My understanding of the ABI (and I could be wrong here so please read and make sure) is that non-homogeneous structs are passed as a block of memory. For example the i8 and float would be in R3 at the same time.
So, it might look something like this:

R3 -> i8, float
R4 -> i32, i32
R5 -> i32

If we look at it that way we should only be using R3, R4, R5.

Either way, I think it is important to look at this and figure out why it changes and what the ABI says.

amyk added inline comments.Jan 27 2023, 2:17 PM
llvm/test/CodeGen/PowerPC/GlobalISel/irtranslator-args-lowering.ll
82

I count be misunderstanding this as well but when reading the ABI initially, I understood it the same as you described in your comment where we would be utilizing r2, r4 and r5 for this particular struct.

Essentially, I thought that both the original and updated liveins is incorrect, just because this implementation is meant to handle simple cases of integers, floats and vectors within registers and doesn't fully support structs yet. I thought I had put a comment denoting this before but it turns out that I didn't, so thank you for pointing this out, Stefan.

I can definitely add the TODO here, and we can plan to add support for structs in a follow up patch at a later time. I also just wanted to check with @nemanjai if this is a reasonable approach for this patch.

nemanjai accepted this revision.Feb 24 2023, 6:42 AM

LGTM.

llvm/test/CodeGen/PowerPC/GlobalISel/irtranslator-args-lowering.ll
82

One easy way to resolve this is to compile something with current compilers that accesses the members from Stefan's example and see which register they're expected to be in.

Also, if we happen to do the wrong thing for GlobalISel for now for passing structs, I'm perfectly fine with marking it as a TODO to fix it later.

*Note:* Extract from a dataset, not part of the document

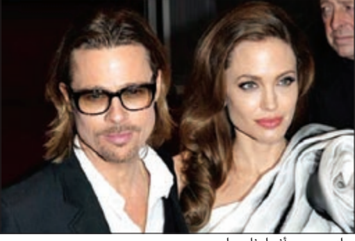
براد بيت مع أنجلينا جولي

باريس - أ.ش.؛ هل تزوج الممثل براد بيت أم أولاده السنة الممثلة الجميلة أنجلينا جولي في دفة شمس بحر الكاريبي في عيد الميلاد؟.. هذا ما لم تستعبده مجلة «كلوزير» الفرنسية التي نشرت معلومات غير مؤكدة مفادها بأن بيت وجولي تزوجا في سرية تامة في جزيرة «تورك أت كايبك» الساحرة.
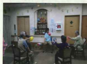
デイサービス 機能訓練

ご自宅での生活の目標を設定し、その目標に向け、スタッフが一人おひとりに合わせて訓練を行ない、お身体状況の維持・向上に努めます。

This revision is now accepted and ready to land.Feb 24 2023, 6:42 AM
This revision was landed with ongoing or failed builds.Mar 27 2023, 6:23 AM
This revision was automatically updated to reflect the committed changes.
amyk added inline comments.Mar 27 2023, 6:33 AM
llvm/test/CodeGen/PowerPC/GlobalISel/irtranslator-args-lowering.ll
82

Sounds good. I have added a TODO when I committed the patch. The correct way appears to be what Stefan has outlined/what was discussed (R3, R4, R5).